Name Change Policy
Court-ordered Name Changes
The existing policy with respect to student name changes provides:
RESOLVED, that where names have been changed by court order, all transcripts of records and official statements by the colleges with respect to students or graduates of the schools shall incorporate only the official name as changed by said court order, unless otherwise specifically requested in writing. (CUNY BOT Feb 6, 1940 (cal #6)).
Such a court order may arise in a number of different contexts, including a name change proceeding, an adoption proceeding, a divorce decree, gender reassignment,* or a witness protection program. For this purpose, a marriage certificate should also be treated like a court order.
In all such cases, a student is entitled to change his or her records to reflect the new or resumed name in accordance with the court order. To obtain the change, a student must show an original or certified copy of the order. Thereafter, only his or her new name should be reflected on all transcripts, diplomas, and other records issued by the college unless the student requests in writing that his or her transcript and/or diploma include a reference to his or her former name (e.g., John Doe, formerly known as John Roe).
For record keeping purposes, the student’s name change request and court order should be kept in the student’s file, along with the date of the name change and the student’s former name. The college must strictly comply with the terms of the court order. For example, a court-ordered name change made as a result of an adoption proceeding, gender reassignment, or as part of a witness protection program may require that the previous name be sealed from the public. If there is any question about the validity or scope of a court order, please contact this office.

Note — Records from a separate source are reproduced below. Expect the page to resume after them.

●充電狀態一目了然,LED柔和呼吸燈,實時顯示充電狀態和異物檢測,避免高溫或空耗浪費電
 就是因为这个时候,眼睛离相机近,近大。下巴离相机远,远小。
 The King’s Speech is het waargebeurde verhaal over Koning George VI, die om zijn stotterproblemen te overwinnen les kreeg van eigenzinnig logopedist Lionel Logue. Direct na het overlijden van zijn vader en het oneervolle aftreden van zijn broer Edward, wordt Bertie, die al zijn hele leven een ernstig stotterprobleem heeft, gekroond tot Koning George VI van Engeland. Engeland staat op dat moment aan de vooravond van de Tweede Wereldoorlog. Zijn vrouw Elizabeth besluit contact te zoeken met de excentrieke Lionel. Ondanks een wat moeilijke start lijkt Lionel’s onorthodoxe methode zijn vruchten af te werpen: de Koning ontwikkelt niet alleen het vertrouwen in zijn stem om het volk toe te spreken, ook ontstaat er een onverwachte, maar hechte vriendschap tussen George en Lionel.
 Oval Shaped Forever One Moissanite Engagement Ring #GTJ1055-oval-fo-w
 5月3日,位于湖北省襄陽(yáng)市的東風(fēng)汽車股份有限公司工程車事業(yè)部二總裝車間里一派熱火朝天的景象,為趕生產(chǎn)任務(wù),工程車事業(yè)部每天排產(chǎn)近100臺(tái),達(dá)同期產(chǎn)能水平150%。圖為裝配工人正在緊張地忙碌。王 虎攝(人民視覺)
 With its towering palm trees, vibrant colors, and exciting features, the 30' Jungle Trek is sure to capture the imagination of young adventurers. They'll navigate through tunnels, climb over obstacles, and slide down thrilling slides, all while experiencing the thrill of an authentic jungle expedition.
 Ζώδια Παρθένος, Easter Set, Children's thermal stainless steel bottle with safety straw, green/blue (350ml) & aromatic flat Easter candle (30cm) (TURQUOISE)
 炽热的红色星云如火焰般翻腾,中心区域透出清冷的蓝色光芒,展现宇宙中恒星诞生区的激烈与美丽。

When a student has changed his or her name in this manner and requests a new diploma reflecting the new name, the college should issue a new diploma upon surrender of the old diploma. In the event that a diploma has been lost or destroyed, a new diploma identified as a “duplicate diploma” may be issued to the student without evidence of such loss or destruction.**
Other Name Changes
Common-law Name Change
In New York, every person has the right to adopt by usage or habit any name by which he or she wishes to be known so long as such name change does not perpetuate a fraud, misrepresent, or interfere with the rights of others. The College should recognize such a common-law name change on all of a student’s official records upon presentation of at least one document bearing the new name. Such documents must be issued by at least one of the following entities: federal, state or tribal government, insurance company, bank, credit card company, union, employer, landlord, education institution, or utility company. Examples of acceptable documents for a common-law name change include, among other things, a voter registration card, professional license, school identification card, employer or union identification card, paycheck, tax form, insurance card or policy, credit card or utility bill, or bank statement or check.

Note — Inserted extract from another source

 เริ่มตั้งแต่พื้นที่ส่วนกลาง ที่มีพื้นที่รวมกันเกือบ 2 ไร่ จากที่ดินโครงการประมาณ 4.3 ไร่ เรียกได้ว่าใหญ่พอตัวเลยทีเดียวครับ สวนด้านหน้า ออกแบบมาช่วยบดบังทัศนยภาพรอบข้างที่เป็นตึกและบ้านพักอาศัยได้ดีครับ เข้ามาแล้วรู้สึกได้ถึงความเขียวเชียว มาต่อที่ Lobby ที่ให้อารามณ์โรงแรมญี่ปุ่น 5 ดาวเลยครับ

CUNY recognizes the importance that a change of name might have to students during their time with the University. A preferred name is not a legal name, but is generally used to change how others refer to the student. For example, student Jonathan Doe may prefer the name John or student Mary Jane Doe may want to be referred to as Mary Jane or Jane, rather than Mary. Note that preferred names are not limited to variations of a student’s legal name; for example, student Jennifer may request the preferred name David due to a change in gender identity and be unable to present the documents necessary to secure a court-ordered or common-law name change. Students may use a preferred name on all documents and records other than official documents. Documents and records that may display a preferred name include, among other things, course rosters, student identification cards, student email addresses, and honors, awards, and prizes issued by the University. A preferred name will not be reflected on a student’s diploma or transcript.
Changes Due to Typographical Errors
When a student requests a name change due to a typographical or other error in University records, the student’s request should be granted after verification that the name change is due to such error. Documents that can assist a college in making this determination include any of the documents listed as appropriate for a common-law name change.
This office is available to assist with questions on this topic.
* Students should be free to change their gender on all prior, present, and future college records at their discretion. A student’s gender is not included on any official documents and is generally collected for statistical purposes only.
** A Board policy on the issuance of duplicate diplomas adopted on October 23, 1929 (Minutes, p. 384) is limited to lost or destroyed diplomas. It provides:
That in cases where diplomas are lost or destroyed the deans of the several faculties having pedagogical supervision over the courses leading to such diplomas shall be empowered to conduct inquiries and take testimony; and, upon reaching the conclusion that such diplomas were unavoidably lost or destroyed and that applications for duplicates are made in good faith, may in their discretion, subject to the approval of the Board, have prepared, signed and issued such duplicate diplomas which shall be clearly marked “duplicate.”